Jose Torres Jr.   By Jose Torres Jr. for CNA

Cardinal Jose Advincula (right) during the his installation as new prelate of the Archdiocese of Manila on June 24, 2021. / Jose Torres Jr. / LiCAS News

Manila, Philippines, Oct 18, 2021 / 10:07 am (CNA).

Church leaders across Asia vowed to listen to the faithful as the diocesan phase of the Synod on Synodality started officially on Sunday, Oct. 17.

“Let us create opportunities for listening and dialogue on the local level through this synod,” said Cardinal Jose Advincula, Archbishop of Manila, in his homily during Mass to open the process.

He said that by listening, the Church will be able to share its mission with the people while also making everyone’s perspective part of the “synodal journey.”

“In God’s family, you have a voice, and your voice counts,” said Cardinal Advincula, adding that the process will involve “as many people as possible.”

In India, Matters India quoted Cardinal Oswald Gracias of Bombay urging the people “to walk together in the same path” in the synodal process.

“We have to encounter Jesus through prayer and adoration and to hear what the Spirit wants to say to the Church,” he said in his homily.

Bishop Emmanuel Trance of Catarman in the central Philippines told Church-run Veritas 846 in an interview that the synod should be an “encounter and beginning of unifying our local Church.”

He urged the faithful to “listen not only in our ears but also in our hearts.”

“Listening in this synodal process is to listen to the marginalized, even to the non-Christian community,” said the bishop.

The Catholic Bishops’ Conference of the Philippines earlier announced that “small circles” will gather in parishes, schools, and ecclesial communities “to pray together” and discuss issues affecting the Church during the synodal process.

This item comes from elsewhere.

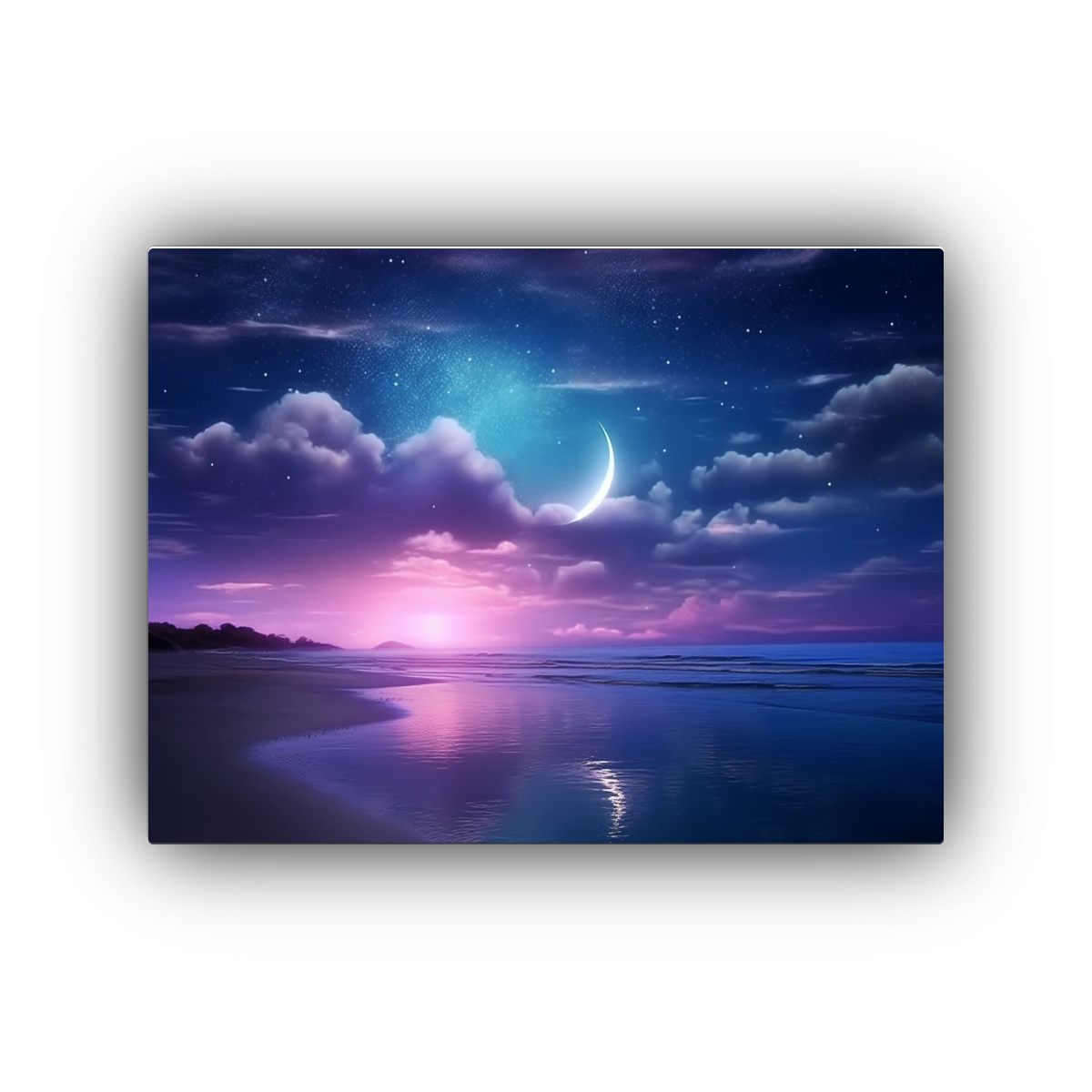 Cuadro Pared Acuarela Composición Dinámica Cielo Nocturno Sobre Agua Con Luna Y Estrellas.

The current synod is not the first to be held in the Philippines. In 1582, Manila had its first synod under its first bishop, the Dominican friar Domingo de Salazar, to discuss the rights of the Indigenous peoples under Spanish rule.

“A synod is not just an assembly in view of administration; it is a convocation guided by the Spirit for the challenge of mission,” read a statement signed by Archbishop Romulo Valles of Davao, president of the bishops’ conference, issued earlier this month.

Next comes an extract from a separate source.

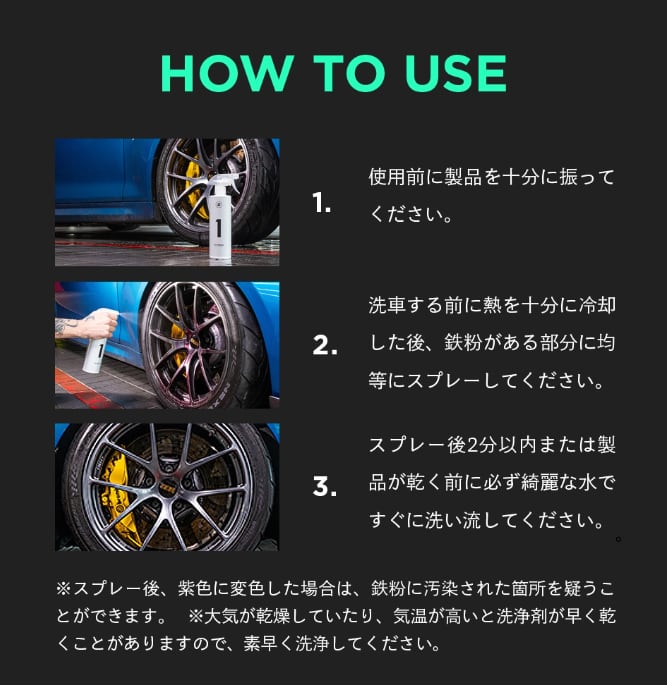※噴射後に長時間放置すると塗装やホイールに悪影響を与える恐れがあります。

He said that among the issues that will be discussed during the gatherings are the “challenges” posed by the COVID-19 pandemic, as well as the sexual and financial scandals in the Church and in government, “secularism and materialism, and the double-edged power of the digital world.”

In his homily on Sunday, Cardinal Advincula said that issues concerning women, children, the elderly, those in the business sector, government officials, the members of the LGBTQ+ community, and ordinary workers, among others, will be discussed during the process.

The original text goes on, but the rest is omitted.